TBT bertindak sebagai tindakan regulasi untuk melindungi konsumen dan kesehatan masyarakat. Hal ini dapat berupa peraturan, standar, prosedur pengujian dan sertifikasi yang berkaitan dengan keamanan, kesehatan dan kualitas, dan dapat secara signifikan mempengaruhi perdagangan internasional produk farmasi. TBT dapat mengganggu perdagangan dengan menambah persyaratan dan biaya, tetapi diperlukan untuk melindungi kepentingan konsumen dan memastikan kualitas dan keamanan produk. Tantangan bagi para pembuat kebijakan adalah untuk membedakan TBT yang diperlukan untuk melindungi kepentingan kesehatan masyarakat dengan hambatan non-tarif yang tidak perlu, seperti persyaratan perizinan impor, larangan impor, dan lainnya yang mungkin terutama berfungsi untuk melindungi industri dalam negeri dari persaingan internasional.

Perjanjian TBT, sebuah perjanjian internasional yang dikelola oleh WTO, merupakan alat global utama yang bertujuan untuk memastikan bahwa peraturan, standar, pengujian, dan prosedur sertifikasi tidak menciptakan hambatan yang tidak perlu terhadap perdagangan dan akses terhadap produk dan teknologi. Sebagai anggota WTO, Indonesia diwajibkan untuk melaporkan semua peraturan teknis yang baru atau yang telah diubah kepada WTO. Staf pengawas di BPOM memiliki pengetahuan yang terbatas mengenai TBT, yang mempengaruhi kemampuan mereka untuk memfasilitasi, misalnya, proses registrasi produk impor. Mengingat kompleksitas proses dan jumlah produk yang terus meningkat di pasar global, penting untuk membangun pengetahuan dan memperdalam keakraban di dalam BPOM.

Prof Nurul Barizah selaku narasumber yang hadir dalam sesinya. Kredit: BPOM

WHO mendukung Direktorat Standardisasi Obat, Narkotika, Psikotropika, Prekursor dan Zat Adiktif BPOM dalam lokakarya selama dua hari pada bulan Februari 2023, yang bertujuan untuk memperkuat pengetahuan di antara personil Badan POM di Indonesia tentang TBT. Kegiatan ini didukung oleh para ahli dari Kementerian Perdagangan, Badan Standardisasi Nasional, Kementerian Luar Negeri, Pusat Studi Hukum Perdagangan Internasional Universitas Airlangga. Peserta lokakarya mendapatkan pengetahuan mengenai langkah-langkah non-tarif, implementasi kewajiban internasional yang ditetapkan dalam peraturan Badan Standardisasi Nasional, dan harmonisasi peraturan nasional dengan perjanjian TBT. Selain itu, para ahli dan peserta juga berbagi studi kasus mengenai TBT, sementara Biro Kerjasama Internasional BPOM berbagi pengalaman mengenai notifikasi WTO.

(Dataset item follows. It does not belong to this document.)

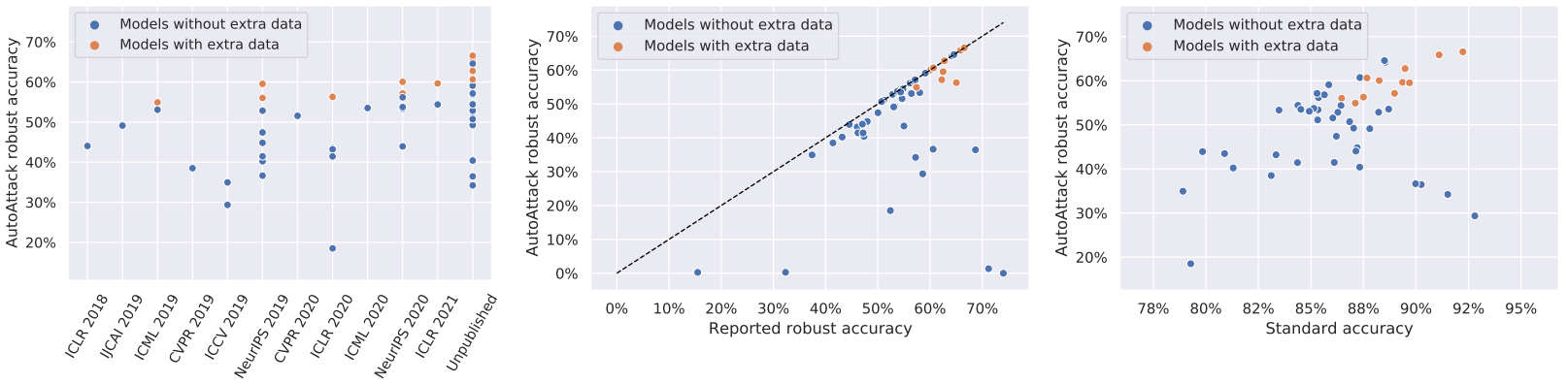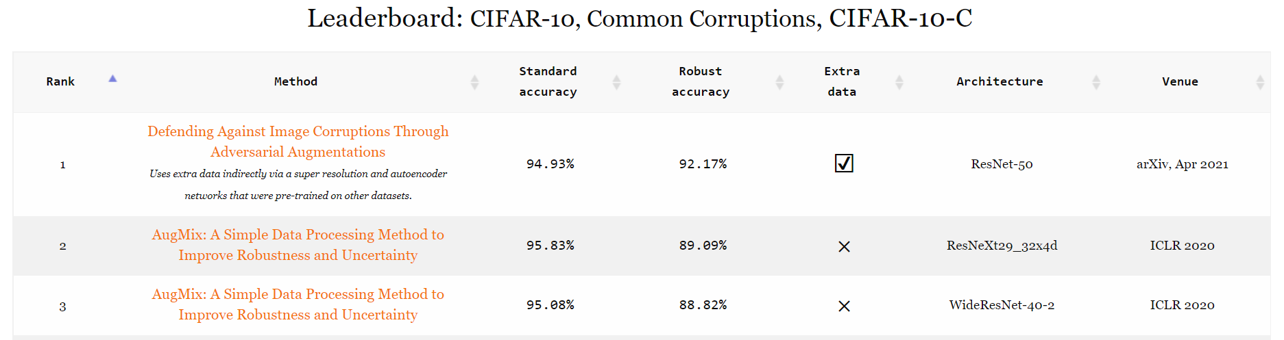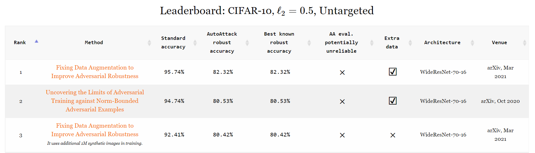 - 一个网站 https://robustbench.github.io/,其中包含基于许多近期论文的排行榜(下图 👇)

Peserta mengikuti workshop interaktif. Kredit: BPOM

Selain meningkatkan pengetahuan dan berbagi pengalaman selama lokakarya, unit teknis BPOM juga menyepakati langkah-langkah selanjutnya, termasuk membangun proses notifikasi WTO yang kuat untuk mengurangi potensi masalah perdagangan khusus (STC) yang berasal dari negara lain. Unit ini juga ditugaskan untuk menyediakan peraturan teknis yang relevan kepada para pemangku kepentingan di luar negeri karena berkomitmen untuk memperkuat standar yang terkait dengan TBT. Saat ini, sebuah pedoman sedang dalam proses revisi yang diharapkan akan diterbitkan pada bulan Agustus 2023.

Hasil dari lokakarya ini memiliki potensi besar dalam memajukan keamanan farmasi, perdagangan yang adil, dan aksesibilitas global. Dengan peningkatan pengetahuan dan keahlian di bidang TBT, BPOM memperkuat kapasitasnya sebagai regulator yang akan memungkinkan Indonesia untuk menavigasi kompleksitas perdagangan internasional dengan lebih baik sambil menjaga kesehatan masyarakat.